Loading AI scores...

Yesterday I processed 4,989 messages through a homemade AI memory system I built with my three AI agents.

Not because I'm smart. Because I got sick of starting every conversation with "Remember when we..." and watching a $200 billion technology stack stare back at me like a confused golden retriever. If you've felt this frustration, you're not alone — I wrote about it in I Just Want My AI Agent to Remember.

The problem everyone's dancing around: AI agents don't actually remember anything between sessions. And the "solutions" being sold? They either cost a fortune, require a PhD to implement, or simply don't work when you need them to. This is just one of 10 Problems Nobody Warns You About When Running AI Agents.

So we built our own. Here's exactly what happened on day one.

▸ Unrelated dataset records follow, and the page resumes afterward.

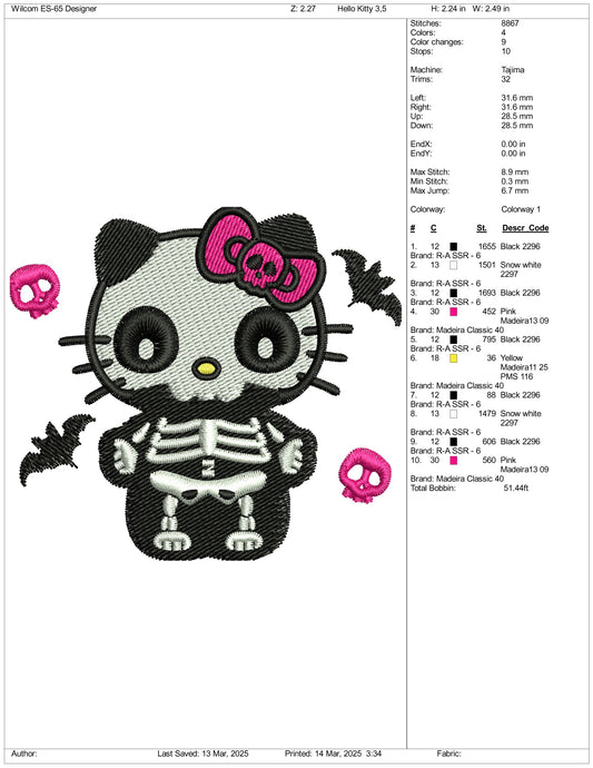 Hello Kitty Skull Embroidery Files - 3 Size's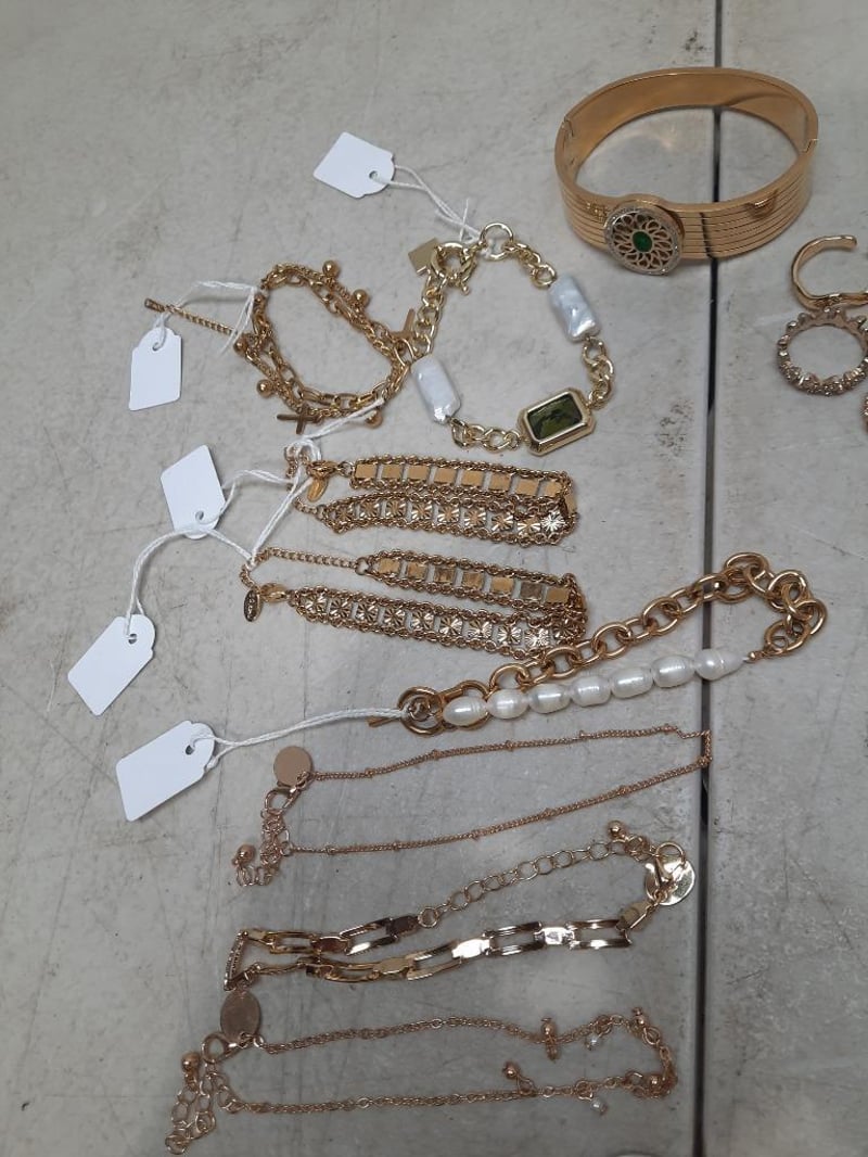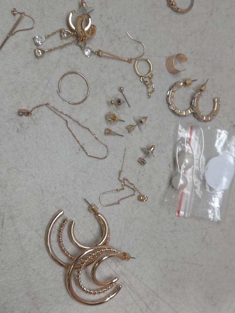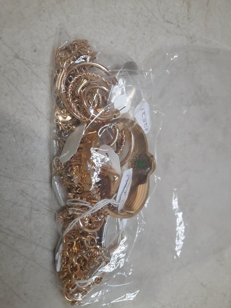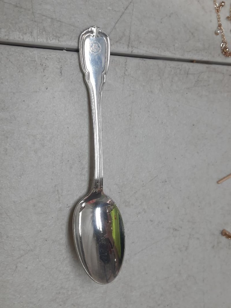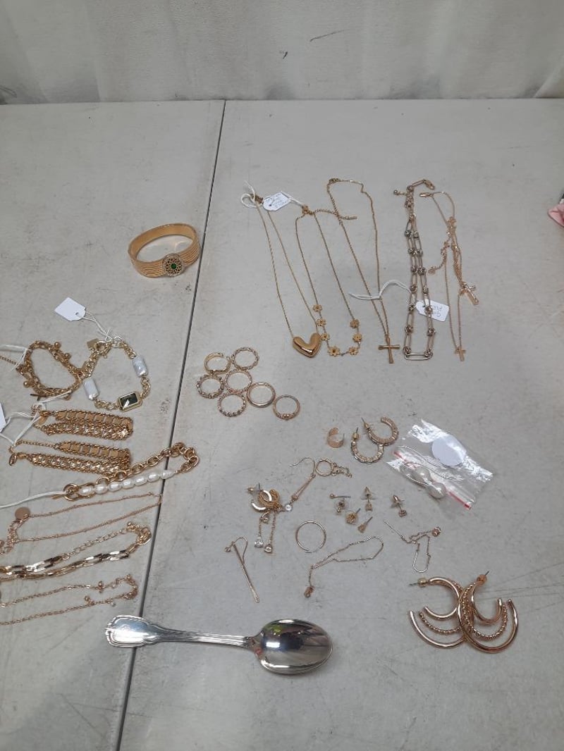 Assorted bag with custome jewellery, 1x pair of silver pearl earrings, 1x spoon Palazzo Versace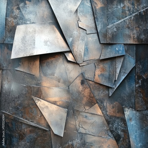 Abstract metallic fragments in various shades of gray, brown, and blue. Interlocking, geometric shapes create a textured surface

What Actually Went Down: The Numbers

Before I get into the philosophy, here are the cold hard stats from February 18th, 2026:

| Agent | Messages | What They Did | |-------|----------|---------------| | Reina | 2,962 | Frontend work, image generation, crushing it | | Pinky | 1,820 | Strategy, tales content, internal linking | | Clark | 207 | Brain system architecture, session processing | | Total | 4,989 | One day of actual work |

Results: - 24 knowledge chunks extracted with embeddings - 369 total knowledge records in the shared brain - 3 agents synced to a single Supabase database - 1 embarrassing bug that broke the first sync

That's not theoretical. That's what actually happened.

The AI Memory Problem Nobody Talks About

Here's what the AI companies don't want to explain in their marketing:

Context Windows Are Not Memory

Claude has 200K tokens. GPT-4 has 128K. Gemini claims 1 million. Sounds impressive, right?

But context windows and memory are completely different things.

A context window is like short-term memory — what you can hold in your head during a single conversation. When that conversation ends, it's gone. The next session starts blank.

Real example from yesterday:

I'm working with Pinky on one screen. We've been in the same project for three hours. I look away to check something else. When I come back, Pinky has put data in the wrong Supabase database.

Not a different table. A completely different database. One we hadn't touched in days.

Why? His context had compacted mid-session. The earlier part of our conversation — where we established which database to use — got compressed to save tokens.

That's the problem.

Compaction Is Brutal

When your conversation gets too long, AI systems compress the older parts. Makes sense for efficiency. But in practice?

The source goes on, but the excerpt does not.